◆ About this exercise: Could you copy exactly the lines below, beginning at the line with "Pair it with" and stopping after the line with "ตัวอย่างของ ITD ในกรณีนี้จะสังเกตได้ว่าหูซ้าย", with no pictures?

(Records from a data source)
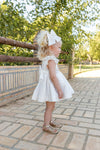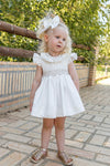 This hand-smocked ivory dress is perfect for any special occasion or ceremony. The front of the dress is pleated and has a beige hand-smocked detail. It features a ruffled collar with beige smocking. The dress has frill sleeves, and it ties on the back with a bow.
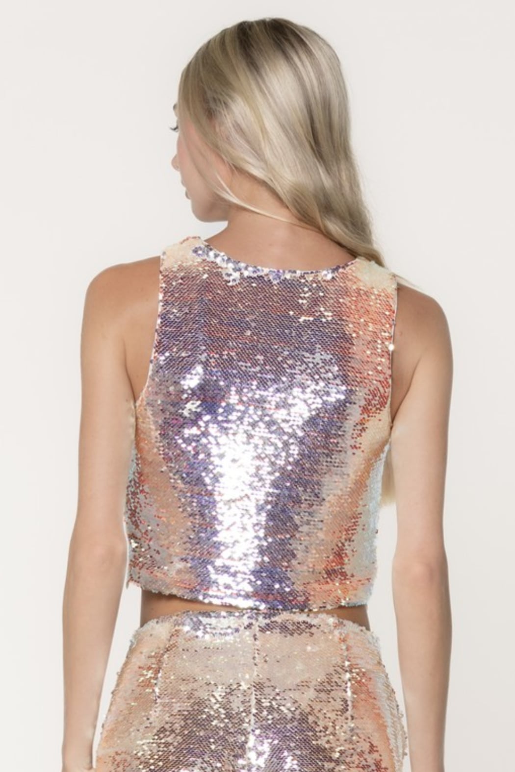 Pair it with the Rose Sequin Hot Shorts for the full "main character" vibe, or heels for a chic party look. Add soft gold jewelry to keep the glow going.
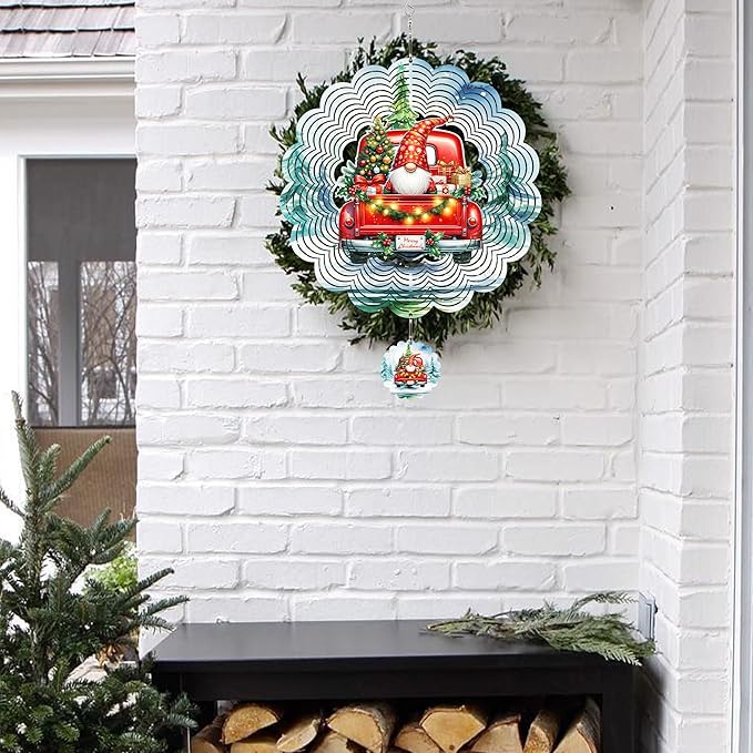 Wind Sculptures 3D Stainless Steel Christmas Decoration Garden Decoration Indoor Outdoor Hanging Ornament Worth Gift 12inch Santa Claus Metal Wind Sculptures
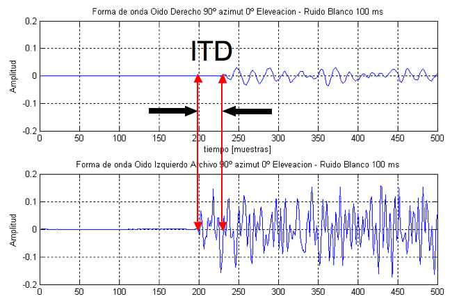 ตัวอย่างของ ITD ในกรณีนี้จะสังเกตได้ว่าหูซ้าย (ภาพบน) จะได้ยินเสียงช้ากว่าหูขวา (ภาพล่าง) เล็กน้อย
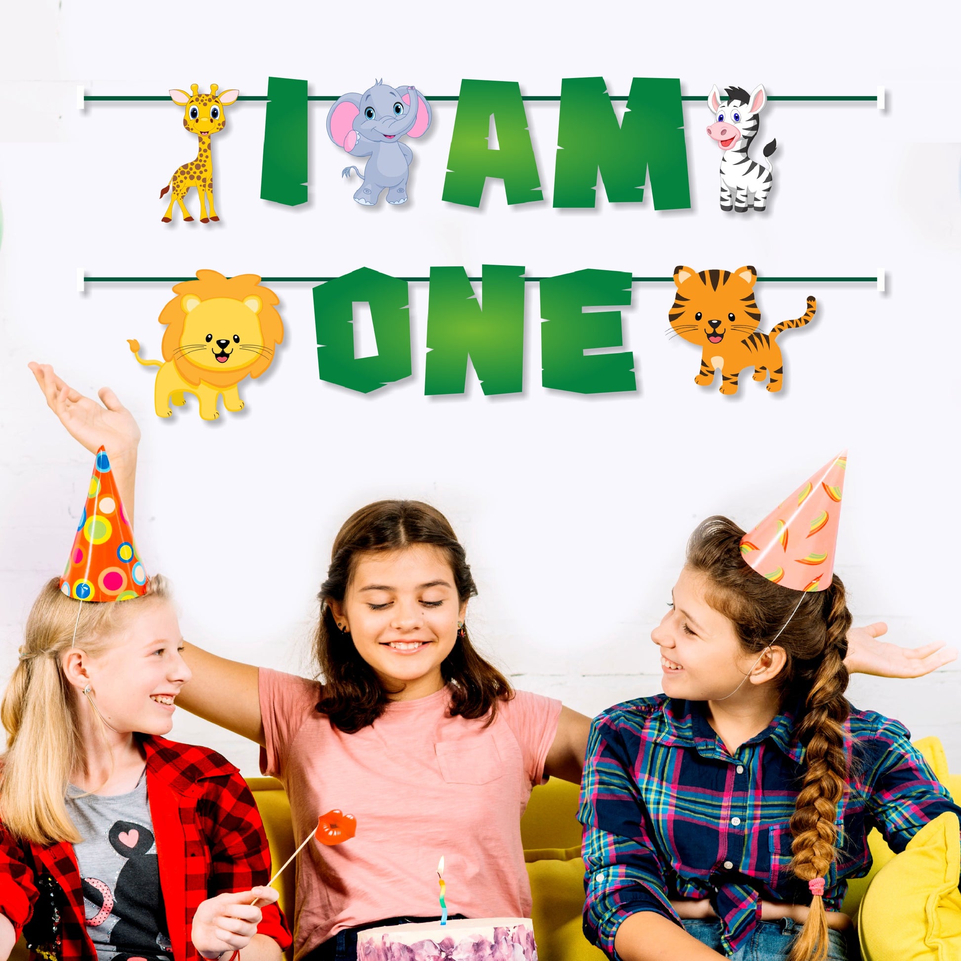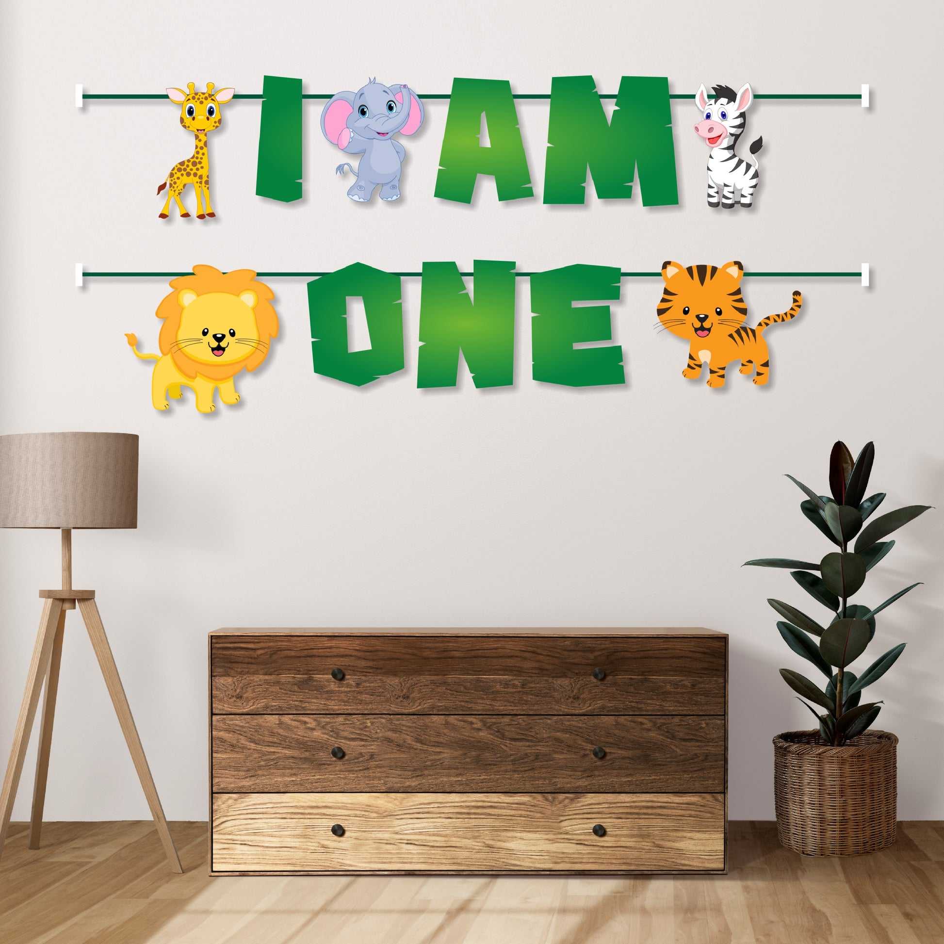 Let everyone know the big number! Our personalized Jungle Safari Age Bunting is a bright and bold way to celebrate the milestone. This banner features large, thematic flags that clearly display the birthday AGE (e.g., I am five), surrounded by playful animal prints (zebra, leopard) and hanging from decorative jungle vines. It’s a cheerful, unmissable decoration that centers the excitement on your child's big day!
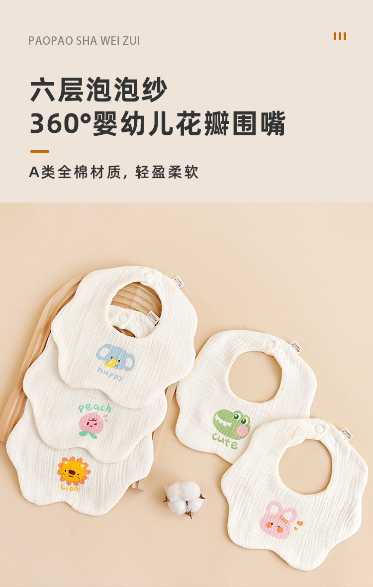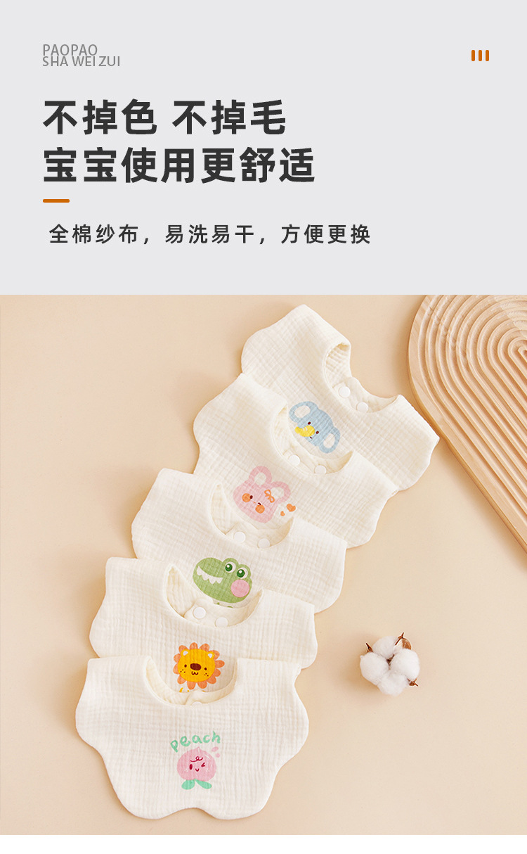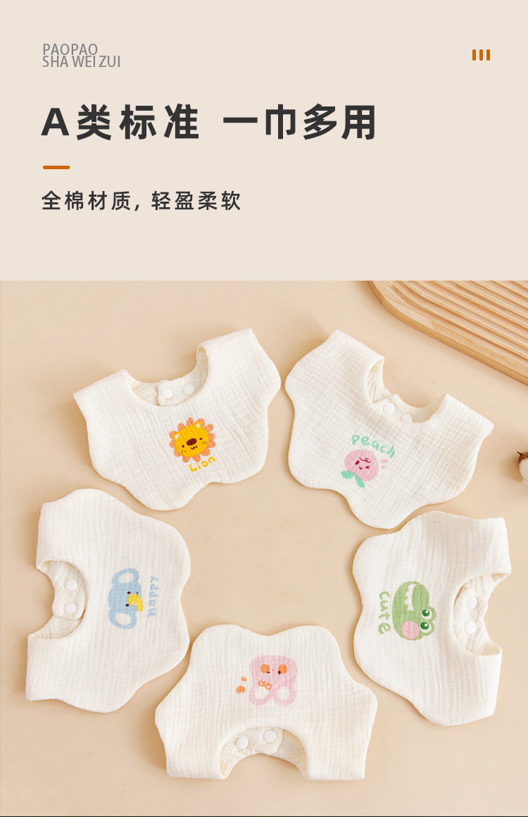 纯棉绉布泡泡纱布围嘴婴儿口水巾宝宝柔软围兜全棉a类纱布口水巾
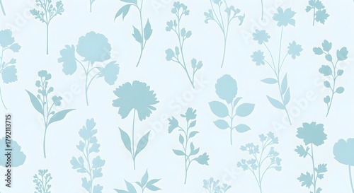 Delicate blue floral silhouette pattern on a light background, botanical illustration
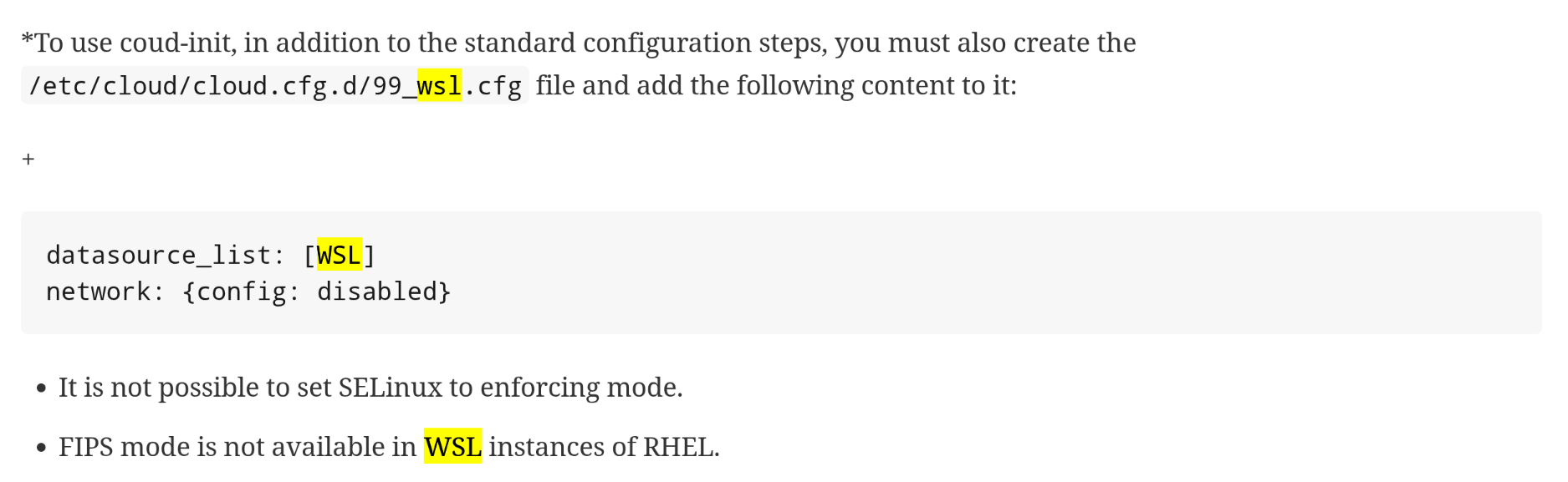 .WSL images of RHEL 8 - 10 are available on the Customer Portal RHEL 8, RHEL 9, and RHEL 10 images for the Windows Subsystem for Linux (WSL) can now be downloaded from the Red Hat Customer Portal. These images are available for all RHEL subscriptions, including no-cost developer subscriptions. By using the WSL images, you can create RHEL instances on your Windows system. Note that the WSL images are provided as self-supported. As such, they are not supported by Red Hat, and are intended for application development purposes only. In addition, the following issues are currently present in the RHEL WSL instances for Podman and cloud-init if you use a WSL image with a Windows WSL host: * WSL instances of RHEL might work incorrectly in a graphical interface. Using a text user interface is recommended instead. * To use podman, you must add the following lines to the `/etc/containers/containers.conf` file, in addition to the standard configuration steps: + ---- [network] firewall_driver="iptables" ---- * To use cloud-init, you must create the `/etc/cloud/cloud.cfg.d/99_wsl.cfg` file and add the following content to it, in addition to the standard configuration steps: + ---- datasource_list: [WSL] network: {config: disabled} ---- * It is not possible to set SELinux to enforcing mode. * FIPS mode is not available in WSL instances of RHEL.

◆ Task response:
 Pair it with the Rose Sequin Hot Shorts for the full "main character" vibe, or heels for a chic party look. Add soft gold jewelry to keep the glow going.
 Wind Sculptures 3D Stainless Steel Christmas Decoration Garden Decoration Indoor Outdoor Hanging Ornament Worth Gift 12inch Santa Claus Metal Wind Sculptures
 ตัวอย่างของ ITD ในกรณีนี้จะสังเกตได้ว่าหูซ้าย (ภาพบน) จะได้ยินเสียงช้ากว่าหูขวา (ภาพล่าง) เล็กน้อย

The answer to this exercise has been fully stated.